* WORK INSTRUCTION
Your output should be the exact lines from the start of the data through the line containing "พ.ต.ท.สุทธิรักษ์ เคร่งจริง สวป.สภ.ดอนพุด, ร.ต.อ.เจนวิทย์", with no pictures.

* SUPPLIED MATERIAL
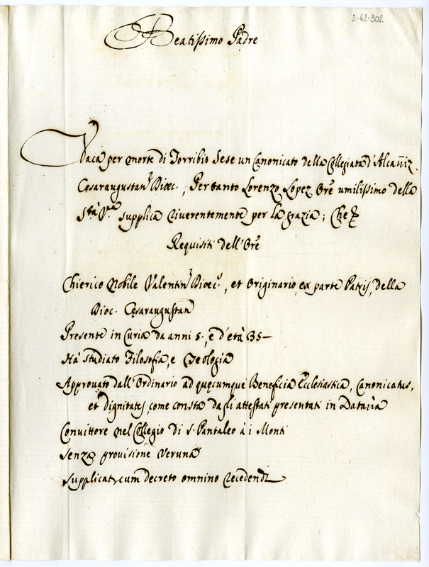 Lettera di Lorenzo Lopez nobile originario di Cesaraugustana presente in Curia da anni 5 a papa Clemente XI (1700-1721)
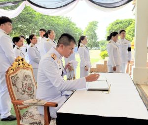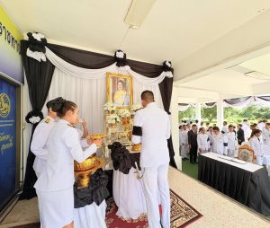 พ.ต.ท.สุทธิรักษ์ เคร่งจริง สวป.สภ.ดอนพุด, ร.ต.อ.เจนวิทย์ ชัยจำ รอง.สวป.(ชส.)ฯ พร้อมข้าราชการตำรวจ สภ.ดอนพุด ร่วมพิธีถวายสักการะสรงน้ำพระบรมศพเบื้องหน้าพระฉายาลักษณ์ สมเด็จพระนางเจ้าสิริกิติ์ พระบรมราชินีนาถ พระบรมราชชนนีพันปีหลวง ณ ที่ว่าการอำเภอดอนพุด อ.ดอนพุด จ.สระบุรี
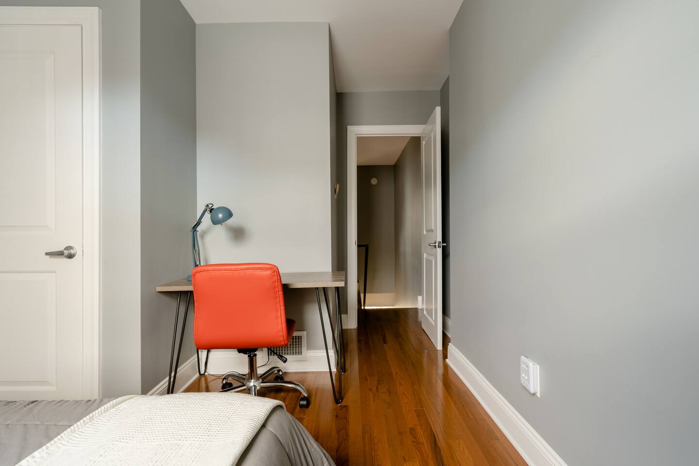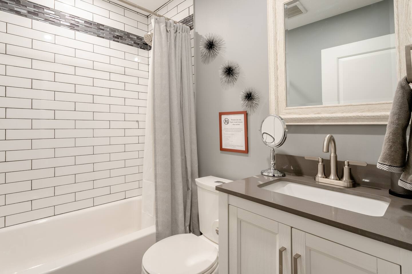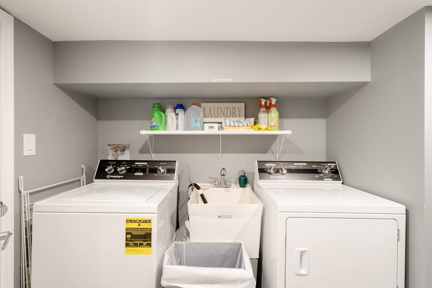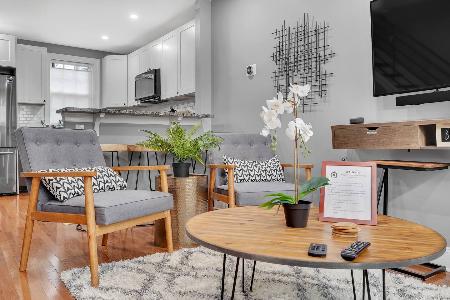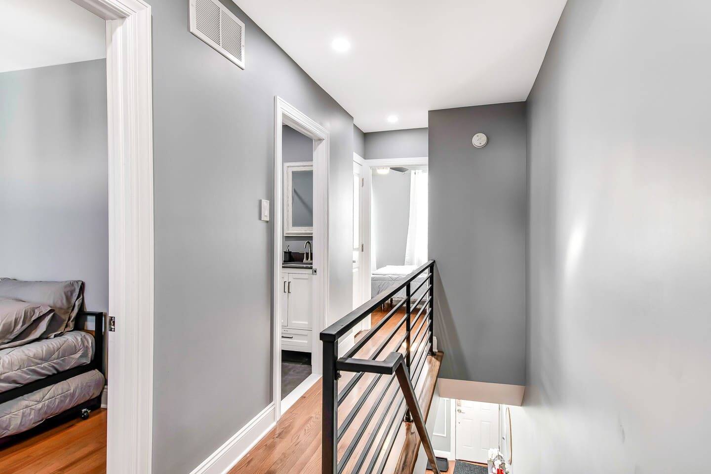 The home is furnished with a mid-century modern (MCM) style and has 3 bedrooms and 1.5 bathrooms, a finished basement with a laundry room snd the family room, and a backyard patio with outdoor seating. Look through the photo gallery for the floor plan. When you enter through the front door, you enter the living room. The living room is furnished with a couch that seats three people, two armchairs, and a coffee table. There is a 50-inch flat-screen smart TV with a sound bar mounted to the wall over a floating entertainment center. The living room is also equipped with an amazon echo smart speaker and a nest thermostat. The kitchen is next to the living room at the back of the first floor. The breakfast bar is furnished with four wooden bar stools. The kitchen has stainless steel appliances along with a coffee maker, a toaster, a blender, and an instant pot. Through the backdoor, you will have access to the backyard patio with a four-seat outdoor dining table. Down the stairs from the kitchen, there is a finished basement where you will find the family room furnished with a couch that can seat four people another 50-inch TV with a sound bar along with a round dining table that can seat four people. For your entertainment, there are several board games that you may enjoy. The basement also includes the half-bath powder room along with the laundry room. The top level of the home has the full bathroom and three bedrooms, each of which will comfortably sleep two people. The primary bedroom has a queen-sized bed. The secondary bedroom has a full-sized bed and a desk with a desk lamp. The smallest bedroom has a trundle bed with two single beds. The bottom bed is a pull-out bed with locking wheels.
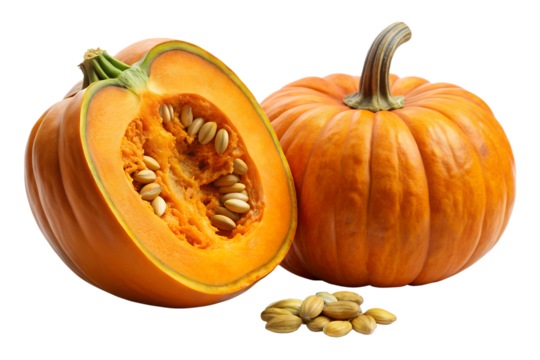 Orange pumpkins with seeds isolated on white background
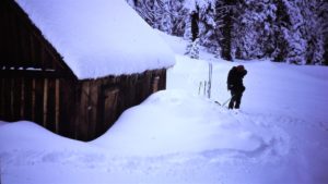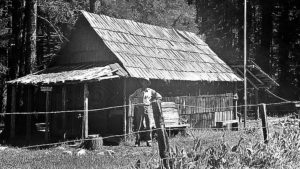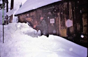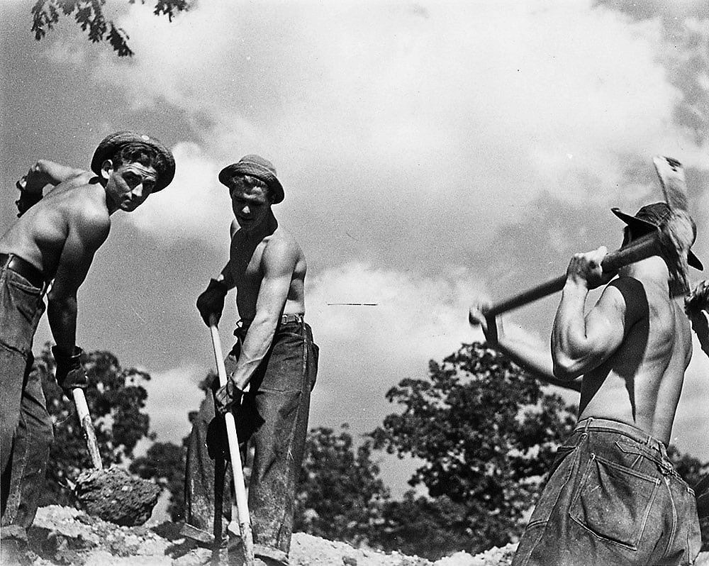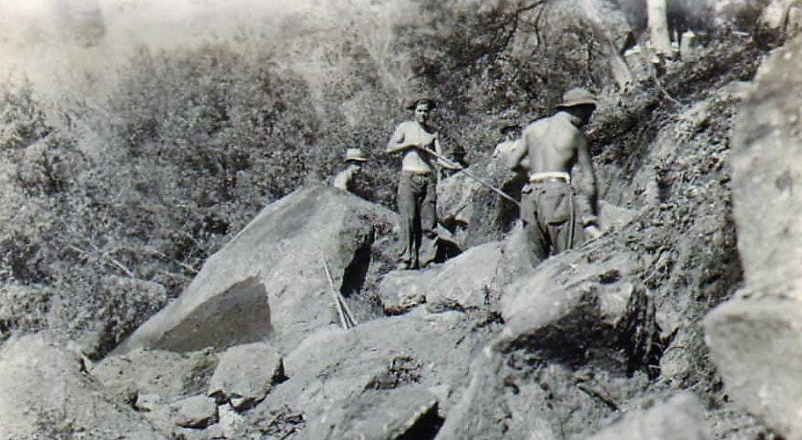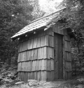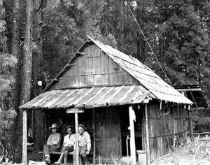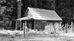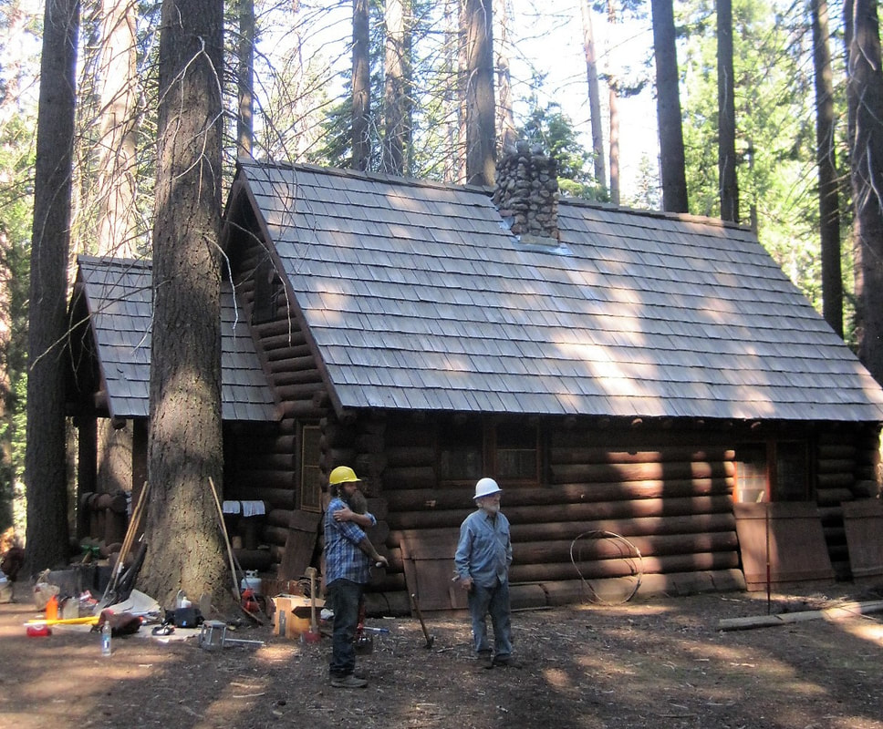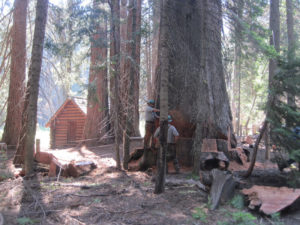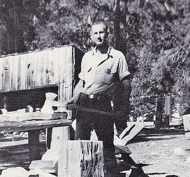 “In the summer of 1973, my backcountry crew and I were working at . . . Redwood Meadow . . . . An old fence, first built by the CCC . . . had long ago fallen into disrepair, so we started . . . replacing the rotten posts and stringing new wire. One afternoon . . . we uncovered an old metal bin [and] . . . found the carpentry tools the CCC had used to build the cabin at Redwood Meadow: double-bit axes, log carriers, drawknives, and a brace and bits. Their wooden handles were still dark from the oil and sweat of men working there thirty-five years earlier.” — Steve Sorensen, 2018

* WRITTEN RESPONSE
 Lettera di Lorenzo Lopez nobile originario di Cesaraugustana presente in Curia da anni 5 a papa Clemente XI (1700-1721)
 พ.ต.ท.สุทธิรักษ์ เคร่งจริง สวป.สภ.ดอนพุด, ร.ต.อ.เจนวิทย์ ชัยจำ รอง.สวป.(ชส.)ฯ พร้อมข้าราชการตำรวจ สภ.ดอนพุด ร่วมพิธีถวายสักการะสรงน้ำพระบรมศพเบื้องหน้าพระฉายาลักษณ์ สมเด็จพระนางเจ้าสิริกิติ์ พระบรมราชินีนาถ พระบรมราชชนนีพันปีหลวง ณ ที่ว่าการอำเภอดอนพุด อ.ดอนพุด จ.สระบุรี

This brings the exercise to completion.